The pandemic had negative and positive impacts on the medtech industry, Monovoukas said.


For example, while companies that sold orthopedic implants were impacted when hospitals closed for elective surgeries, some pivoted to focusing on an ambulatory surgery center strategy and rode out COVID with less negative impact. That strategy will likely put them on stronger footing for ’23 as the migration of surgeries to the outpatient and ambulatory surgery center settings will continue, Monovoukas said.


Snyder said the pandemic created a new awareness of and demand for distributed services (including virtual) that are more convenient for the patient, have a lower climate impact, and, in selective types of patient/clinician interaction, have a “good enough” quality level.


"While there has been a fair bit of an elastic trend, many executives believe the new way for patient triage will be digital first, virtual second, and physical third (and only as-needed),” Snyder said. “Clinicians have pointed out that this new mindset must be built into clinical practice protocols before it will stick.”


Meanwhile, the healthcare system is evolving models for physical care delivery. Snyder points to three trends in this area, including hospital care moving to the home, with the hospital at home model; increasingly complex hospital-based surgery moving to the ambulatory surgery center or office-based lab settings; and clinical-based care moving to retail stores.


Medtech innovations, like handheld ultrasound technology with built-in AI capabilities, are helping to pave the way.


Personalized medicine is here to stay


Personalized medicine will continue to drive innovation into new medical technologies, Monovoukas said.


“[Personalize medicine] creates stress, in a good way, on the overall industry,” Monovoukas said. “The patient is unique and deserves to be operated on with unique products that map to their body type and clinical starting point, their anatomy, the preferences of the surgeon factor in; so, personalized medicine has a huge impact on the medtech industry.”


This challenges the industry in ways that will impact how medtech companies go to market.


“Think about it from a doctor’s or hospital’s perspective.
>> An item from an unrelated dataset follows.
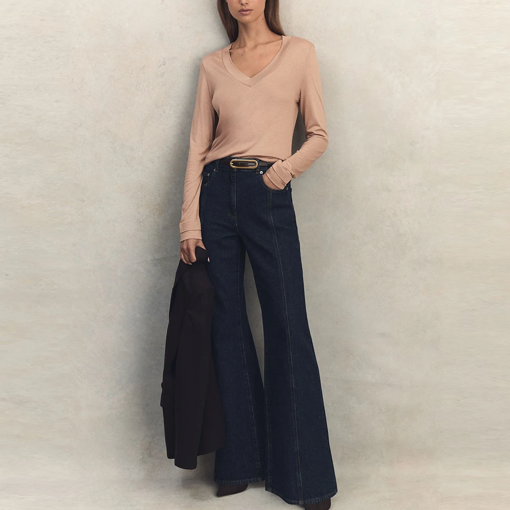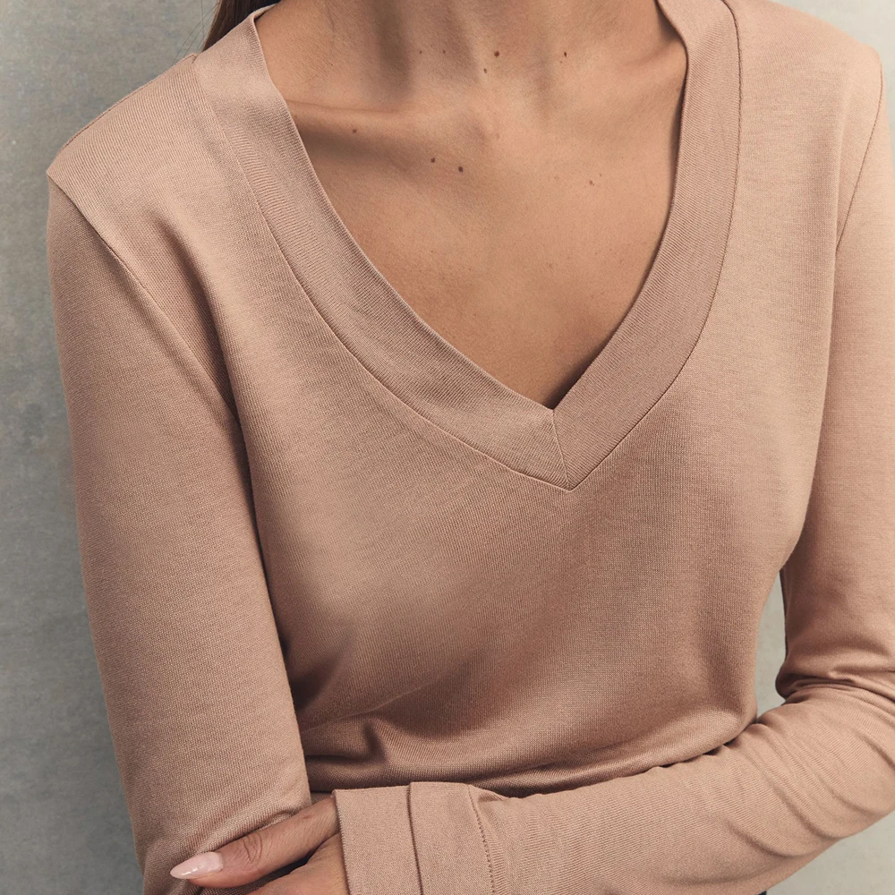 Factory Custom logo Printed Women Heavyweight Tops T-shirts High Quality Thick Cotton v Neck Women Jersey Blank t Shirt

The broader the suite to treat a patient, the more difficult it becomes to keep up with the latest and greatest technology ... Then take another step and think about what the impacts of that are to the medical device industry. You have to think about exactly which hospitals or doctors need to be educated on certain products that they might not have exposure to,” Monovoukas said.
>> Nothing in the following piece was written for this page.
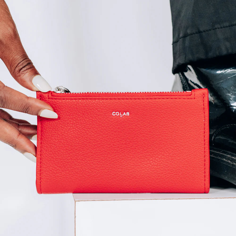 This slim wallet has 8 card holders, and a top zipper - it’s pure and made in soft textured vegan leather.

And manufacturing will need to keep up with a supply chain that is a lot more dynamic given the macroeconomic factors in the proliferation of all these different products, he said.


Medtech companies, Monovoukas said, will need to be targeted and focused about how they’re messaging their new products and where they’re messaging their new products.


Supply chain and other challenges remain


Keeping up with demand and coordinating the supply chain was a huge risk to many medtech businesses in 2022, when backups and order and product backlogs made getting innovative new technologies out to market challenging.


The supply chain remains a headwind that medtech companies are facing into 2023, Monovoukas said.


Wong said the healthcare teams Intuitive works with continue to face challenges including staffing issues and the unpredictability of COVID-19 and other viruses, which will create obstacles for resource allocation.


There, too, is an opportunity to find solutions, Wong said.


“Intuitive wants to offer solutions in these areas to help customers improve workflow to staff robotic-assisted procedures, and analytics that generate actionable insights to help customers care for more patients effectively,” Wong said. “As part of that, we understand that it takes much more than a robot. We provide an ecosystem of support, from technology training to system support to clinical research into new procedure opportunities.”